The task - Line by line, output everything from the one that contains "Avide kültéri fali" through the end of the material below, exactly as written and with no pictures.

Collected material -
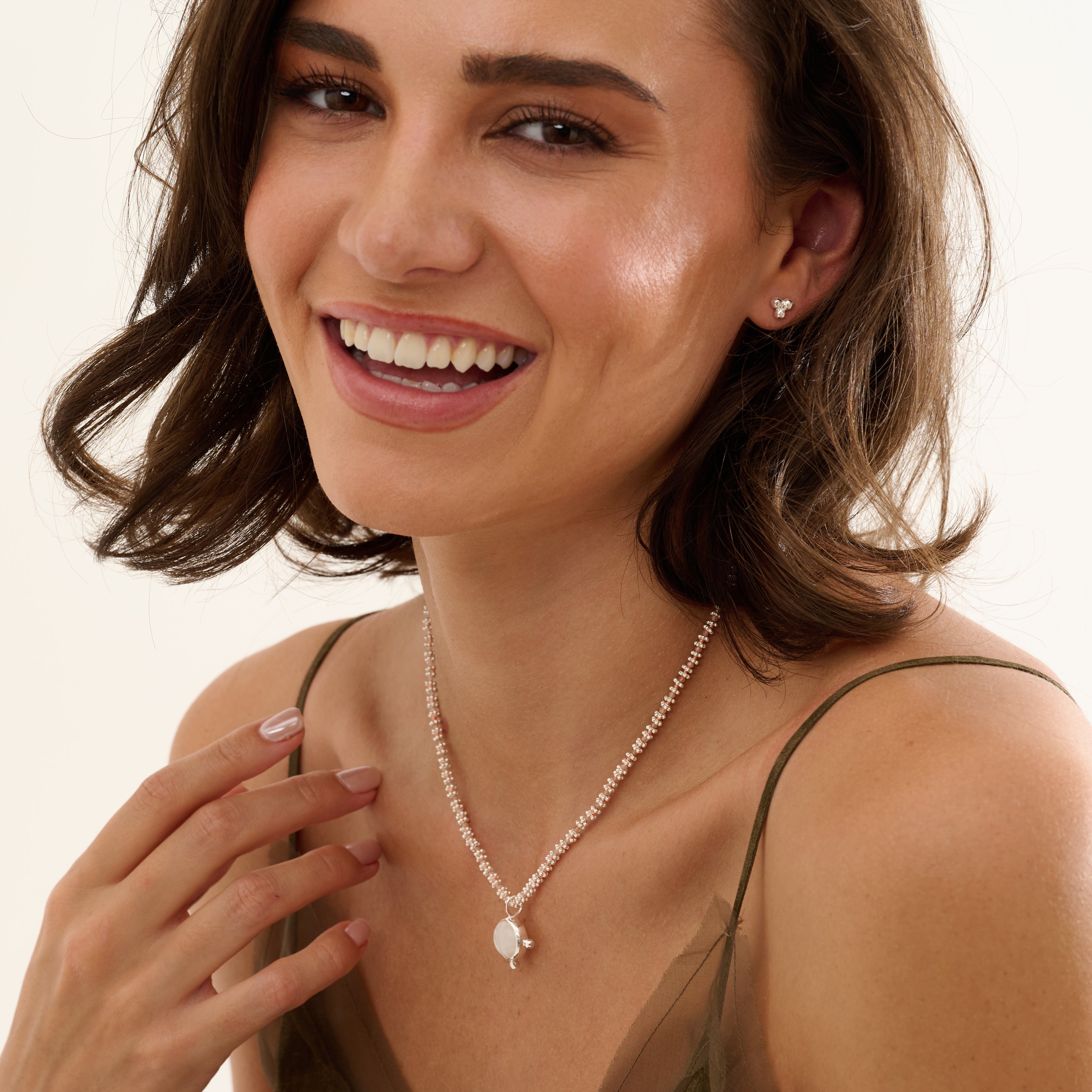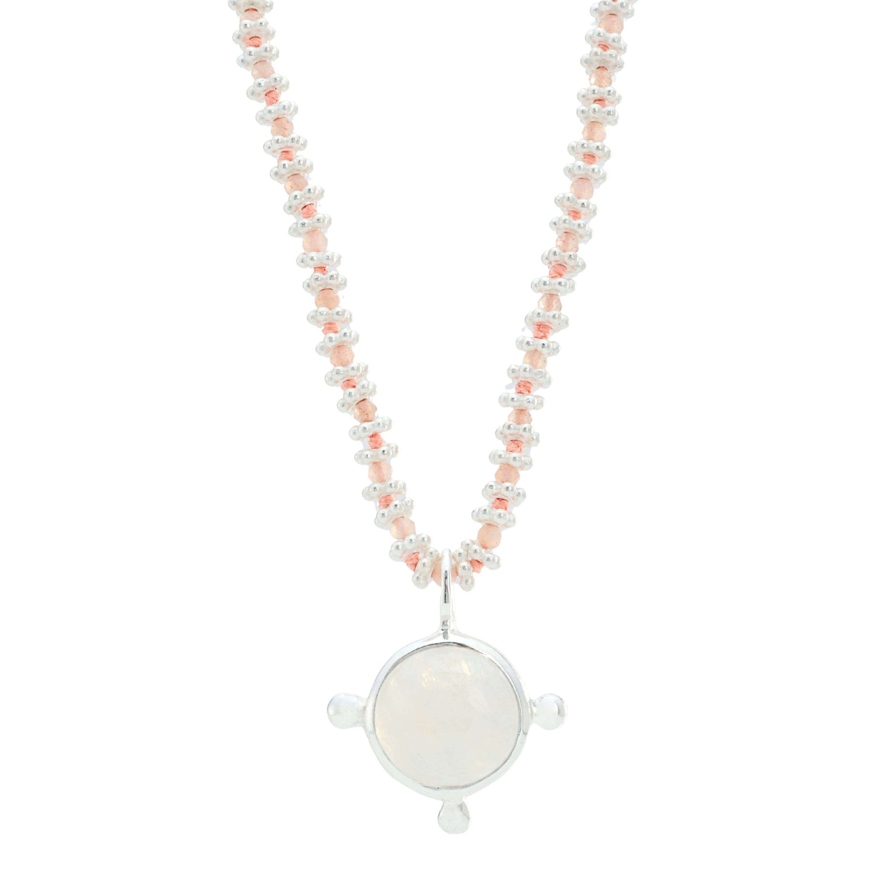 Peach Moonstone & Moonstone Necklace, Sterling Silver
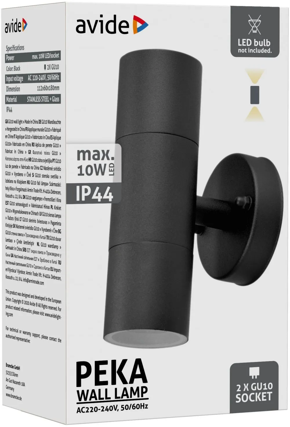 Avide kültéri fali lámpa Peka 2xGU10 IP44 Fekete
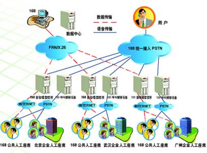 2、分布式接入服務(wù)功能:"企業(yè)客戶服務(wù)系統(tǒng)"為企業(yè)分布式的人工座席提供接入服務(wù)。當(dāng)某個(gè)城市的消費(fèi)者在使用168電話中自動(dòng)語音應(yīng)答功能時(shí),只要按"0"號(hào)鍵,電話就會(huì)被轉(zhuǎn)到企業(yè)在的當(dāng)?shù)胤⻊?wù)人員座席上,由專業(yè)人員來提供服務(wù)支持。此種功能適合于在多個(gè)城市設(shè)立人工座席的企業(yè)用戶。

Completed exercise -
 Avide kültéri fali lámpa Peka 2xGU10 IP44 Fekete
 2、分布式接入服務(wù)功能:"企業(yè)客戶服務(wù)系統(tǒng)"為企業(yè)分布式的人工座席提供接入服務(wù)。當(dāng)某個(gè)城市的消費(fèi)者在使用168電話中自動(dòng)語音應(yīng)答功能時(shí),只要按"0"號(hào)鍵,電話就會(huì)被轉(zhuǎn)到企業(yè)在的當(dāng)?shù)胤⻊?wù)人員座席上,由專業(yè)人員來提供服務(wù)支持。此種功能適合于在多個(gè)城市設(shè)立人工座席的企業(yè)用戶。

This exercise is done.